◆ **What you are asked to do**
Once the line containing "Indel money ltd" appears, output it and each remaining line of the records below exactly, with no pictures and nothing more.
+++
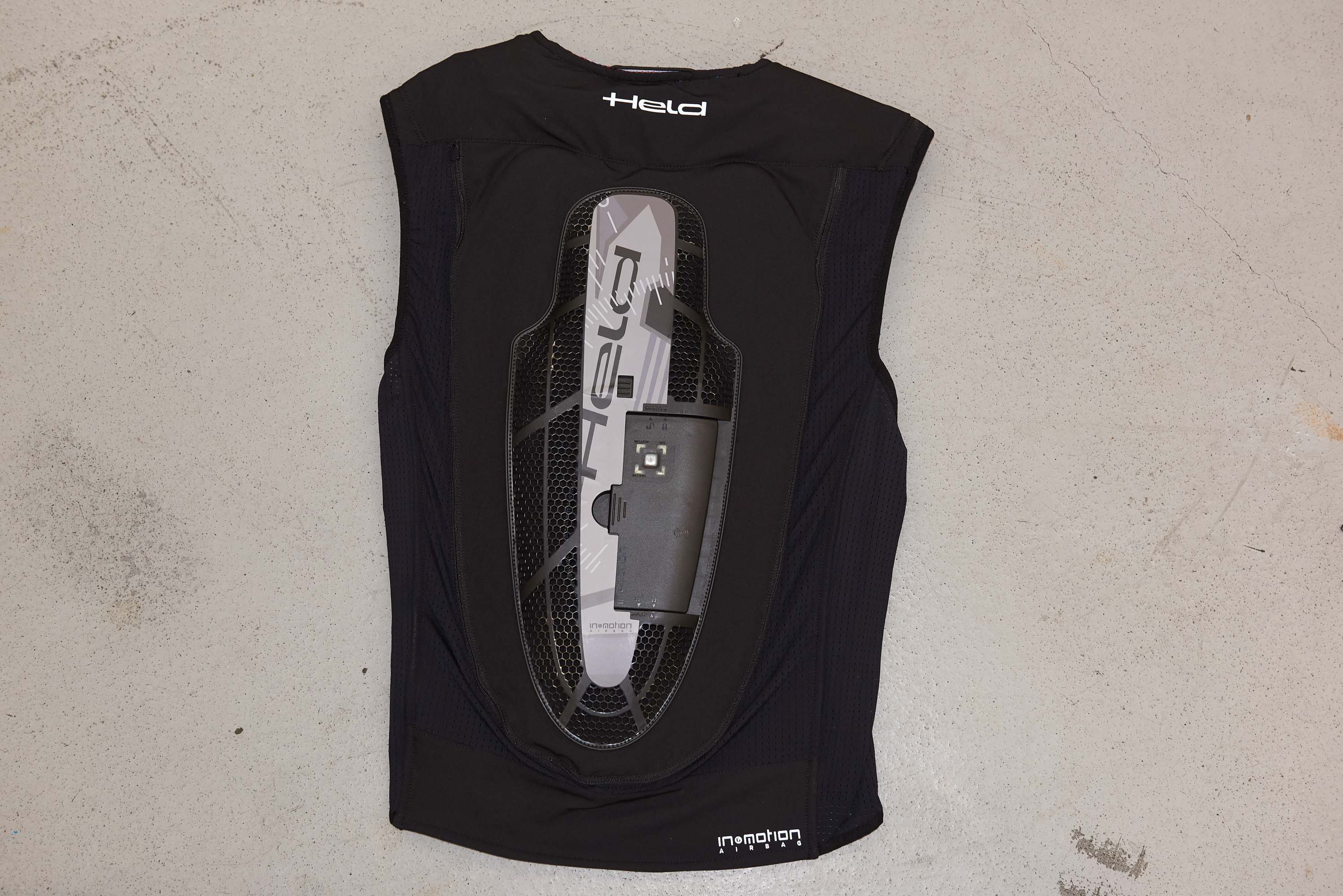 Pri izdelku znamke HELD je treba kupiti dva kosa opreme - telovnik z varnostnim mehom in pripadajočo elektroniko - zato je tudi cena razmeroma visoka. Poleg razmeroma majhne mase se telovnik ponaša z dobro povezljivostjo: prek posebne aplikacije na pametnem mobilniku lahko opravimo različne nastavitve in spremljamo delovanje - tudi stanje vgrajene baterije.
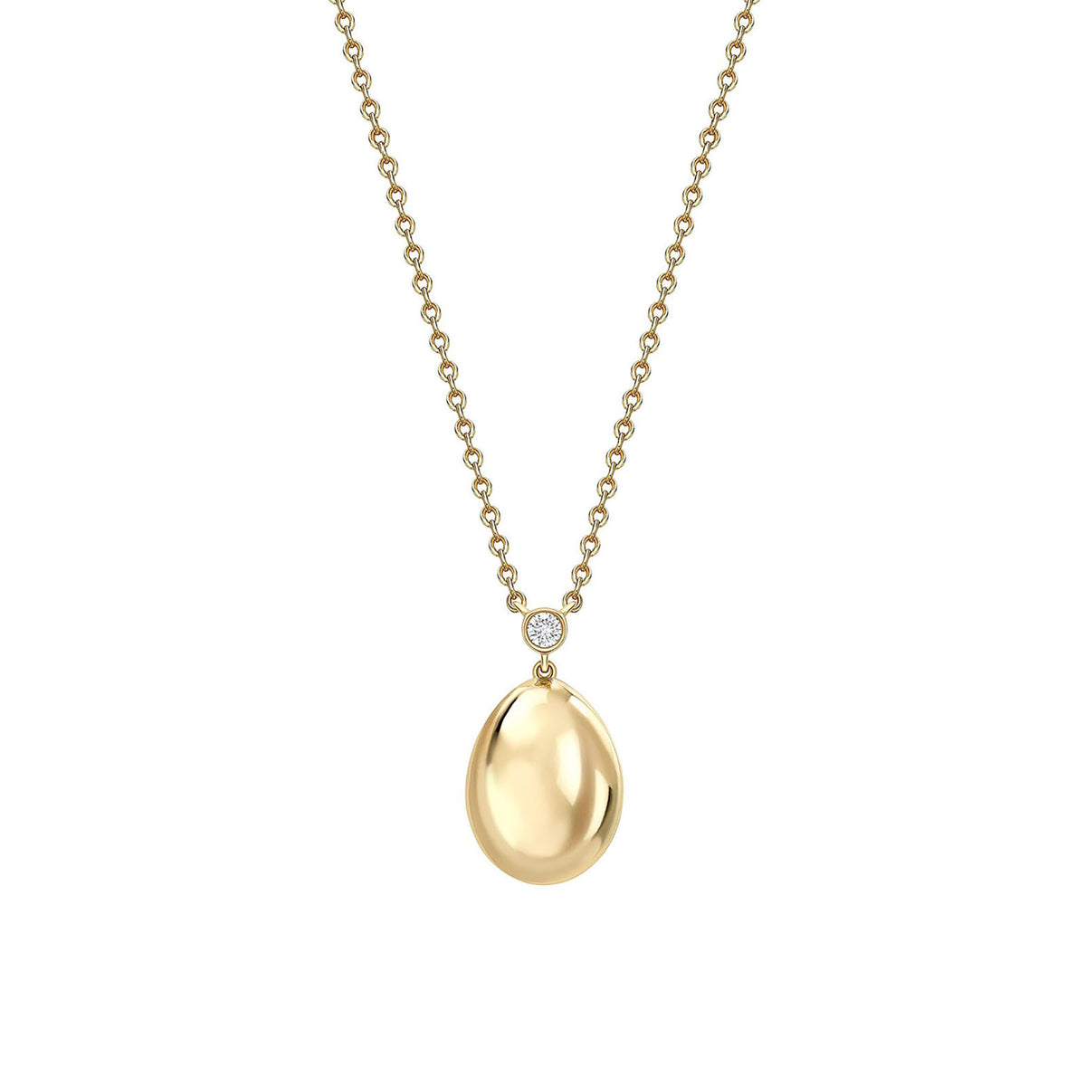 This simple Fabergé Essence Yellow Gold Petite Egg Pendant features a round white diamond, set in 18 carat yellow gold. The egg pendant is 14mm.
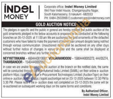 Indel money ltd Gold Auctions Auction in Ernakulam
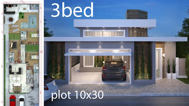Home Design 10x30m With 3 Bedrooms House Plan Map
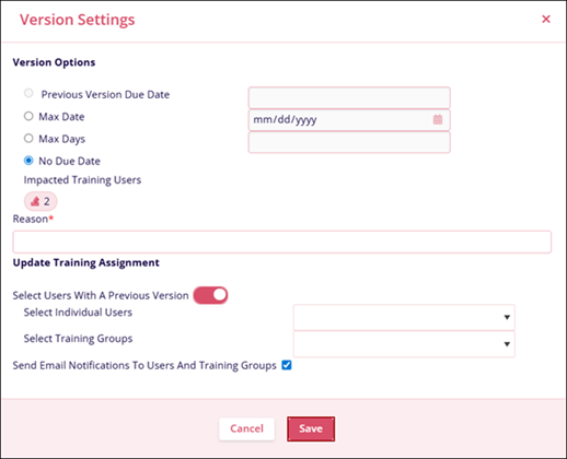 - On the Version Settings screen, provide a mandatory reason for the version change, make
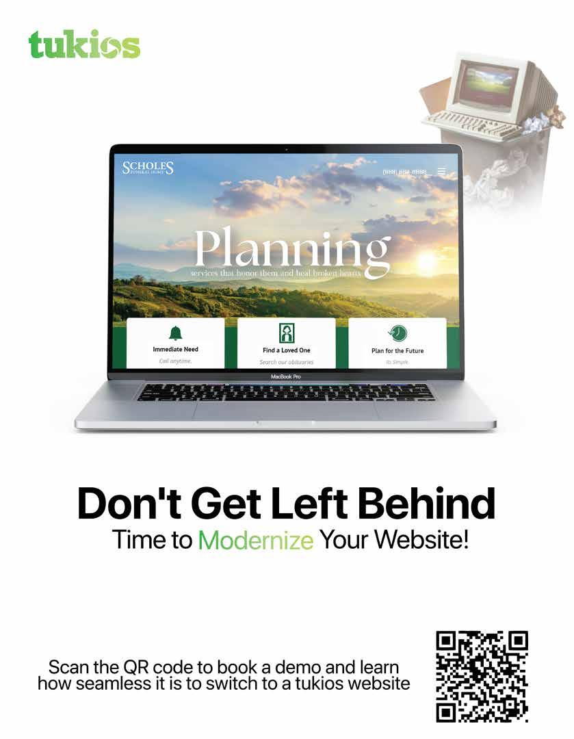 Visit www.FBSMagazine.com for content that is updated frequently and to access articles on a range of funeral industry topics. Radcliffe Media provides its contributing writers latitude in expressing opinions, advice, and solutions. The views expressed are not necessarily those of Radcliffe Media and by no means reflect any guarantees that material facts are accurate or true. Radcliffe Media accepts no liability in respect of the content of any third party material appearing in this magazine. Copyright 2024. All rights reserved. Funeral Business Solutions Magazine content may not be photocopied or reproduced or redistributed without the consent of publisher. For questions regarding magazine or for subscriptions, email info@FBSMagazine.com.
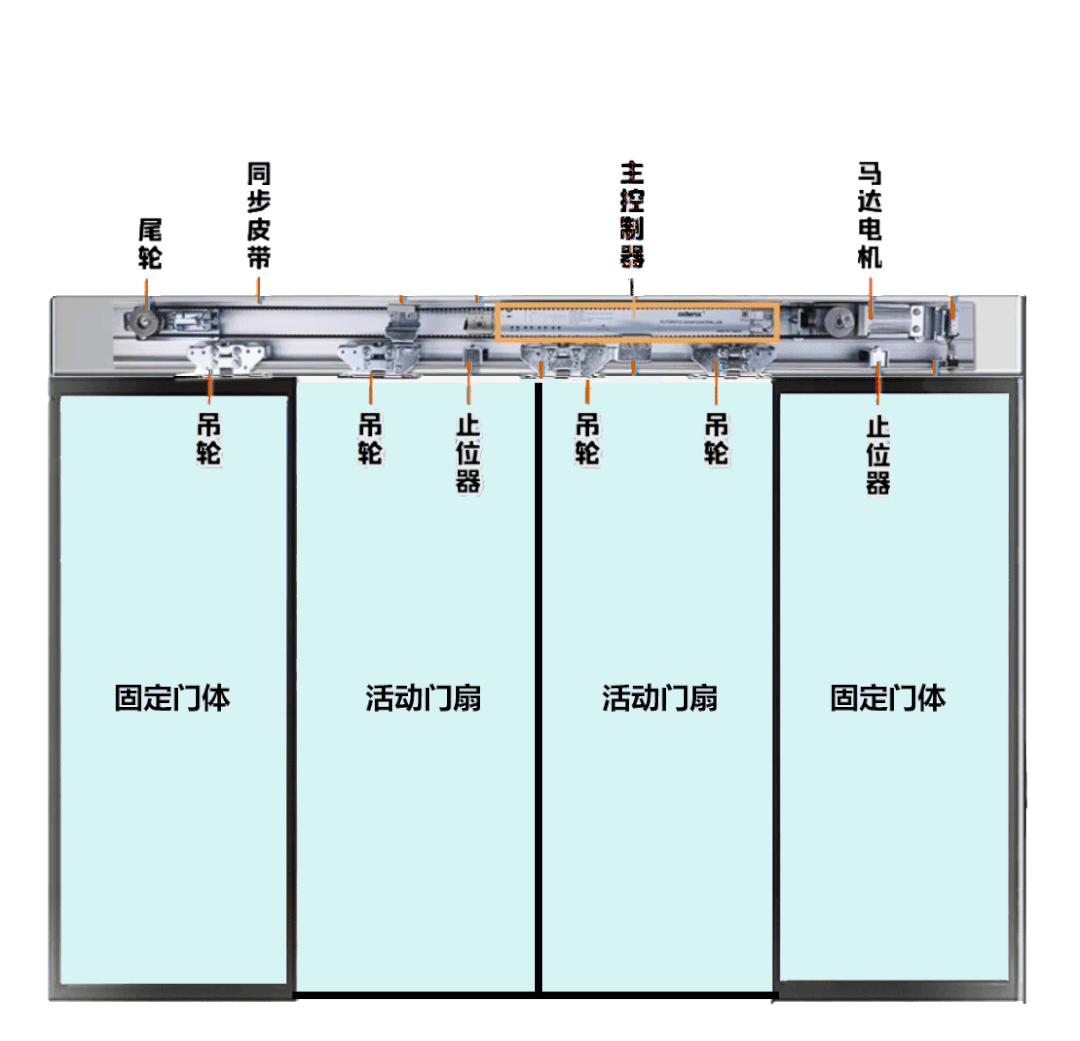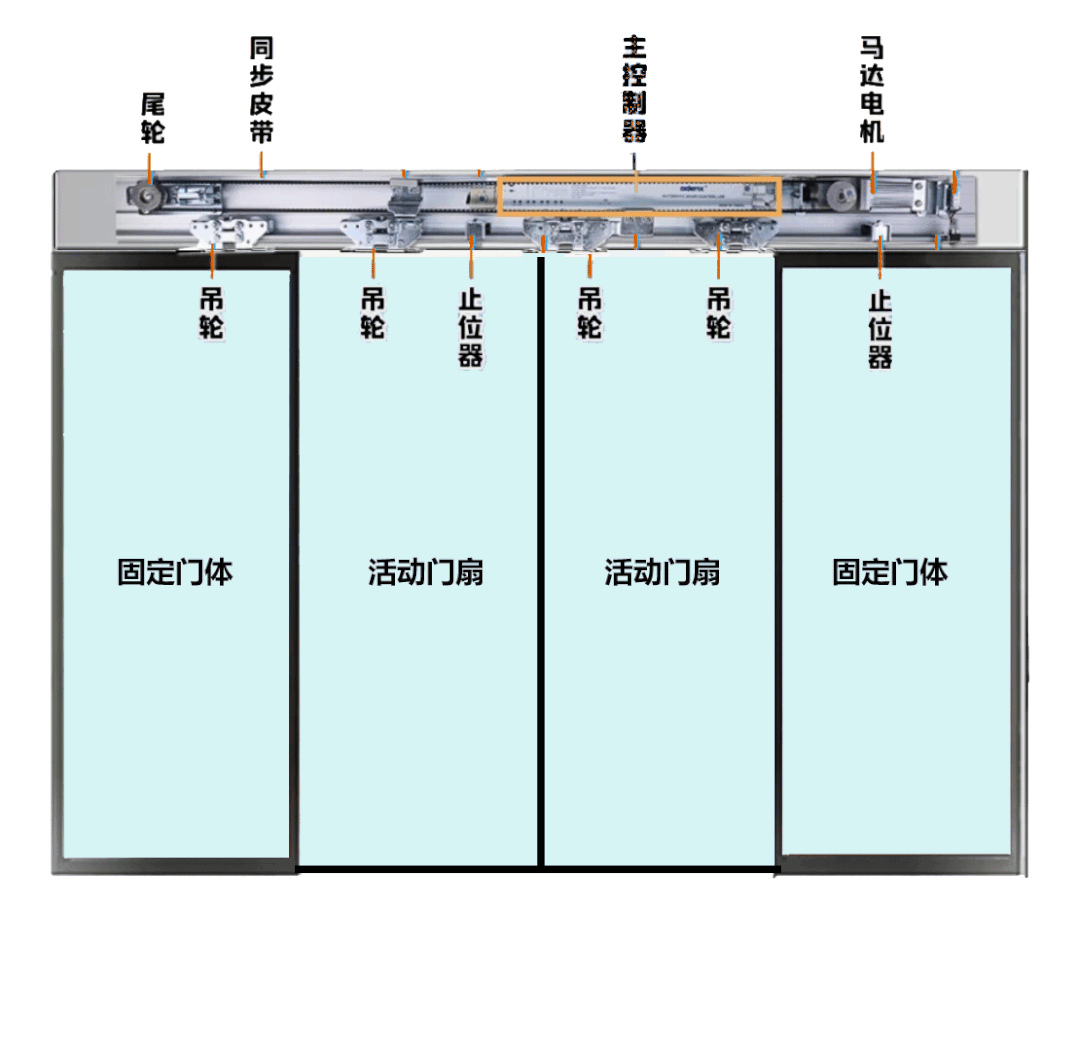 门机系统则相对复杂,主要由感应探测器、驱动轨道(门扇行进轨道)、动力马达、主控制器、门扇吊具走轮系统、同步皮带和止动器7大部分组成。
+++
◆ **Result of the exercise**
 Indel money ltd Gold Auctions Auction in Ernakulam
Home Design 10x30m With 3 Bedrooms House Plan Map
 - On the Version Settings screen, provide a mandatory reason for the version change, make
 Visit www.FBSMagazine.com for content that is updated frequently and to access articles on a range of funeral industry topics. Radcliffe Media provides its contributing writers latitude in expressing opinions, advice, and solutions. The views expressed are not necessarily those of Radcliffe Media and by no means reflect any guarantees that material facts are accurate or true. Radcliffe Media accepts no liability in respect of the content of any third party material appearing in this magazine. Copyright 2024. All rights reserved. Funeral Business Solutions Magazine content may not be photocopied or reproduced or redistributed without the consent of publisher. For questions regarding magazine or for subscriptions, email info@FBSMagazine.com.
 门机系统则相对复杂,主要由感应探测器、驱动轨道(门扇行进轨道)、动力马达、主控制器、门扇吊具走轮系统、同步皮带和止动器7大部分组成。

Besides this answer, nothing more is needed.